Bakhita became a catechumen and was baptized on January 9th, 1890. From then on, she would kiss the baptismal font, saying, "Here I became a daughter of God." The Collect echoes this: O God, who led Saint Josephine Bakhita from abject slavery to the dignity of being your daughter. . . .

Christ, the Gentle Master

Protected by Italian law, Bakhita chose to remain among the Canossians. The psalmist expresses her choice: "Better is one day in thy courts above thousands. I have chosen to be an abject in the house of my God, rather than to dwell in the tabernacles of sinners" (Ps 83:10). She who had been bought and sold by a series of human masters discovered the tender love of Christ, the gentle Master. Sweet paradox. Bakhita called God, "Master."

La Madre Moretta

On December 8th, 1896, Bakhita was consecrated forever to God as a Canossian Daughter of Charity, becoming Mother Josephine.

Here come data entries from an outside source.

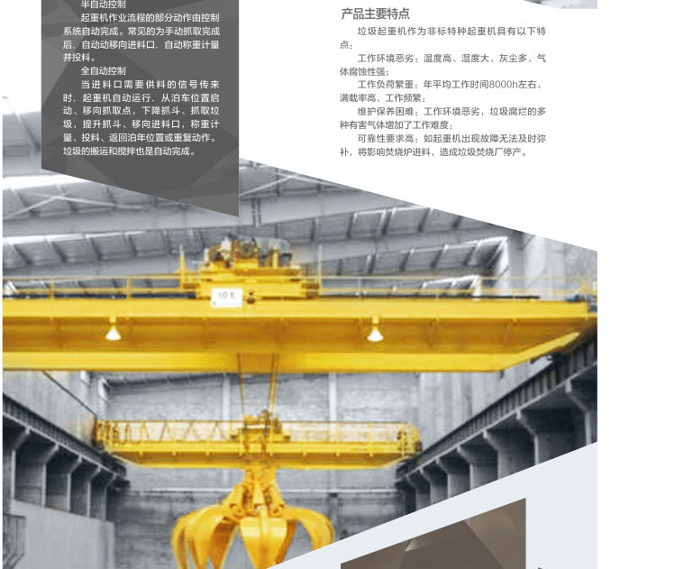 1、 垃圾抓斗起重機是現(xiàn)代城市各種垃圾焚燒發(fā)電廠垃圾供料系統(tǒng)的核心設備,位于垃圾儲存坑的上方,主要承擔對垃圾的投料、搬運、攪拌、取物和稱重等作業(yè)。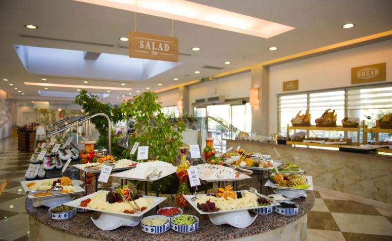 Основен ресторант „The Restaurant“„Pool Open Buffet”, Spice A-la-Carte Restaurant, Италиански ресторант Prima Cucina, Турски ресторант Taverna, Green & Grill Restaurant. Ресторантите Turkish Taverna, Spice и Prime Cucina A la Carte са само с резервация и гостите имат право да посетят всеки ресторант веднъж по време на престоя си. А-ла-карт ресторантите са отворени 6 дни в седмицата. Aegean Bar (Отворен 24 часа в денонощието, заплаща се след 00:00ч.), Pool bar, Chill Out Beach Bar, Disco/Chill Out Bar (23:00-02:00), Thea’s Coffee Shop & Juice Bar, 2 външни басейна (1900m², 480 m²), 1 вътрешен басейн (450 m²отопляем през май и октомври), 3 външни детски басейна и 1 вътрешен басейн (450 m², отопляем през май и октомври), 5 водни пързалки (2 за възрастни и 3 за деца), тенис корт, голф игрищe, СПА център, 3 конферентни зали, магазини, паркинг.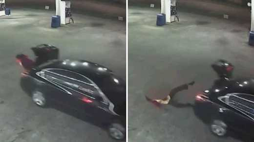 Vụ việc xảy ra hôm 14/3 tại một cây xăng ở Birmingham, Alabama, Mỹ và được camera giám sát ghi lại.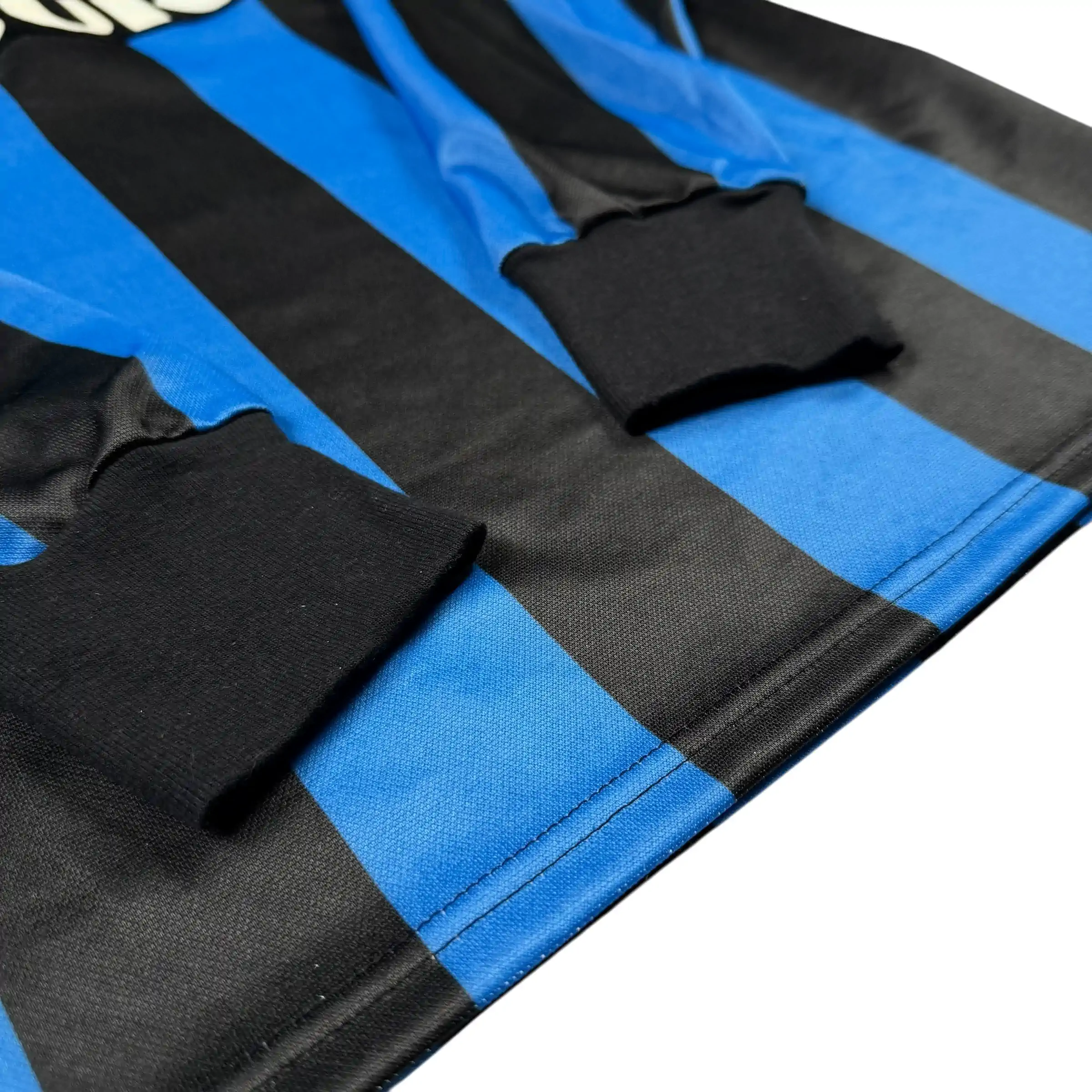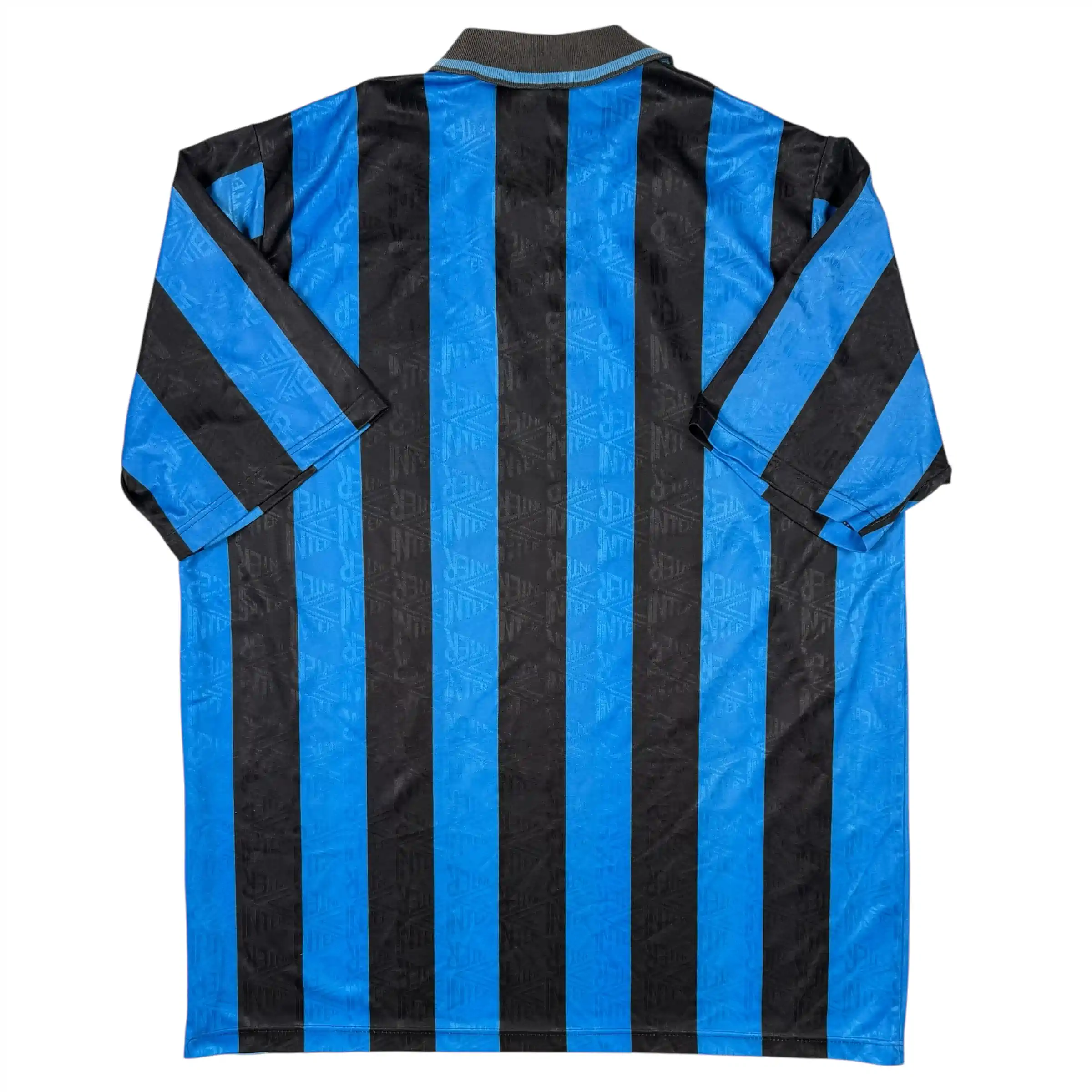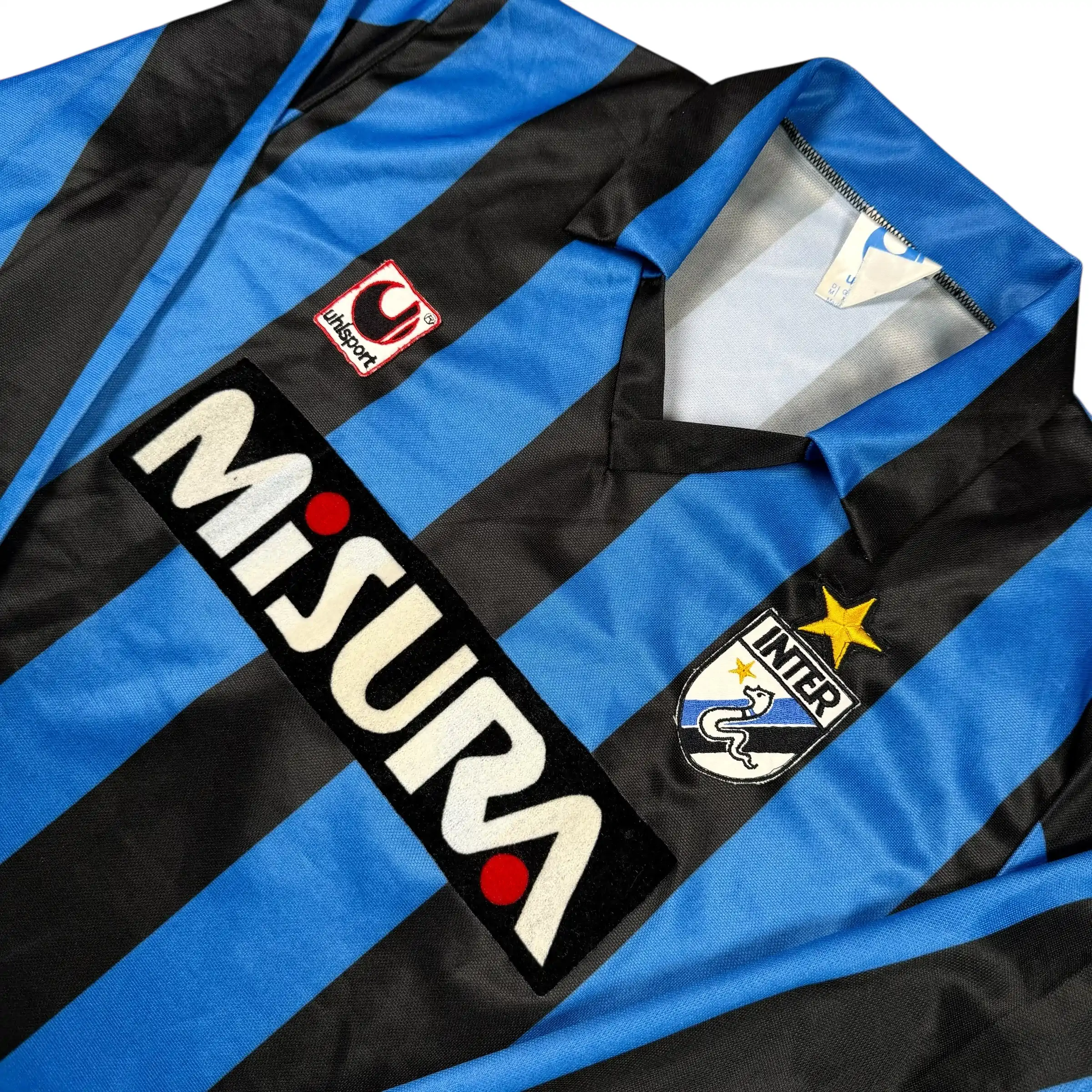 Note IFS : 9/10 – Maillot ultra rare de l’Inter Milan, quasiment introuvable dans cet état, version manches longues fabriquée par Uhlsport en Allemagne de l’Ouest comme l’indique l’étiquette, sponsor Misura en feutrine parfaitement conservé, un détail très rarement aussi propre sur ce modèle, ancien écusson de l’Inter brodé, une véritable pièce de collection.

The local people and school children called her affectionately la Madre Moretta, "the little Black Mother." Daughter of God, Bride of Christ, Mother of the little and the poor, Bakhita became the complete consecrated woman: free, loved, fruitful, fully realized. "Thou shalt no more be called Forsaken: and thy land shall no more be called Desolate: but thou shalt be called My pleasure in her, and thy land inhabited. Because the Lord hath been well pleased with thee: and thy land shall be inhabited" (Is 62:4).

No Trace of Bitterness

Mother Josephine Bakhita served her Master for almost fifty years. The Collect speaks of her following Jesus the Crucified Lord with unremitting love. In charity, it says, she persevered in a ready mercy. This is the miracle of Saint Bakhita. There was no trace of bitterness in her. The cruel degradations and unspeakable moral outrages suffered as a slave, though never forgotten, had no hold on her. She to whom men had refused mercy persevered to the end in a ready mercy for others. She was not a prisoner of her past. We who are so often prisoners of the past, unable to let go, unable to forgive, unable to move beyond old hurts, do well today to seek her intercession.

Set Free by Love

Looking to the future does not mean forgetting the past; it means transfiguring it. It means re-reading it with eyes of mercy in the light of faith. We need not remain slaves of our own histories, chained to the evil things, the hurtful things, the unjust things that happened ten, twenty, thirty, forty, fifty, or seventy-five years ago. There is another way: the way of those set free by love.

Two Suitcases

Toward the end of her life, Mother Bakhita used to smile and say: "I travel slowly, one step at a time, because I am carrying two big suitcases. One of them contains my sins, and in the other, which is much heavier, are the infinite merits of Jesus. When I reach heaven I will open the suitcases and say to God: 'Eternal Father, now you can judge.' And to St. Peter: 'Close the door, because I'm staying.'"

La Madonna

In her final agony Bakhita relived the horrors of her enslavement. "Loosen the chains," she said to her nurse, "they are so heavy." The Mother of God herself came to loosen the chains. Bakhita died smiling, saying, la Madonna, la Madonna. It was February 8th, 1947.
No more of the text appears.